■ Problem description
Output the data word for word, dropping every image.

START Given information

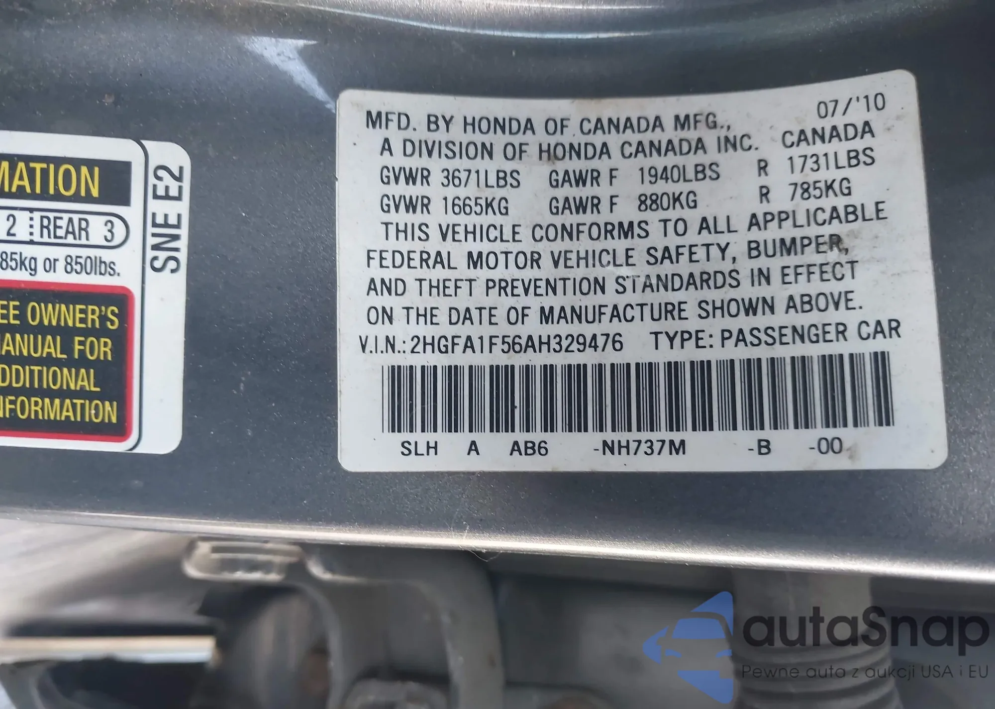 • VIN 2HGFA1F56AH329476
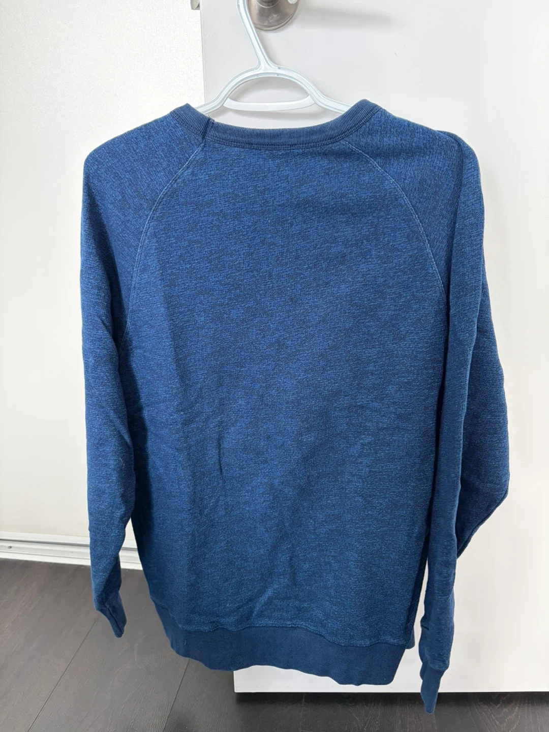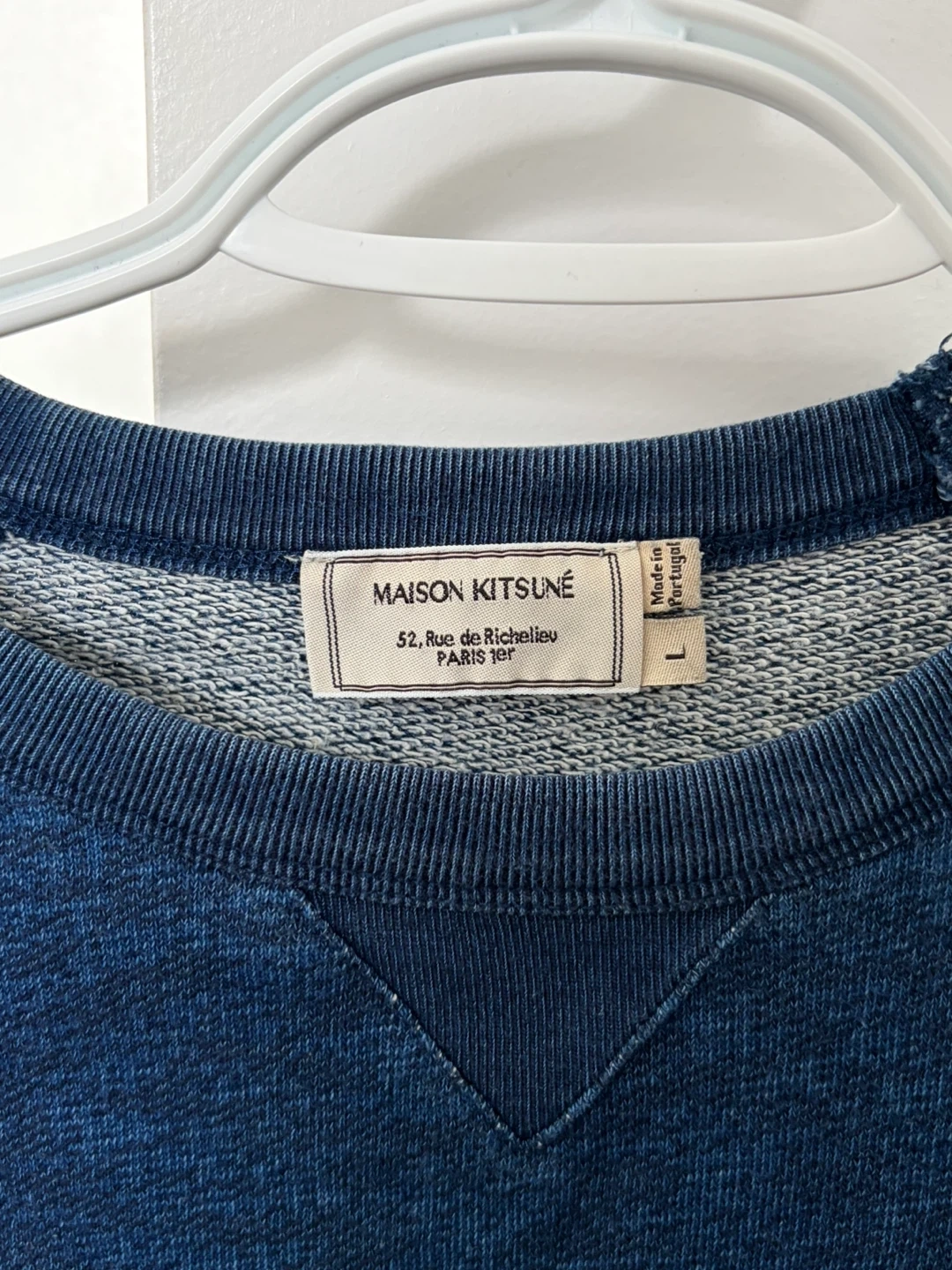 A classic Maison Kitsuné crewneck sweatshirt in a deep blue marled fabric. It features the iconic fox head logo graphic on the front. Size is large. Made in Portugal.
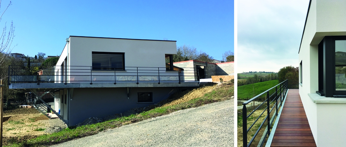 Une maison individuelle implantée sur un terrain en forte déclivité vers le Sud.

END Given information

■ Reply
 • VIN 2HGFA1F56AH329476
 A classic Maison Kitsuné crewneck sweatshirt in a deep blue marled fabric. It features the iconic fox head logo graphic on the front. Size is large. Made in Portugal.
 Une maison individuelle implantée sur un terrain en forte déclivité vers le Sud.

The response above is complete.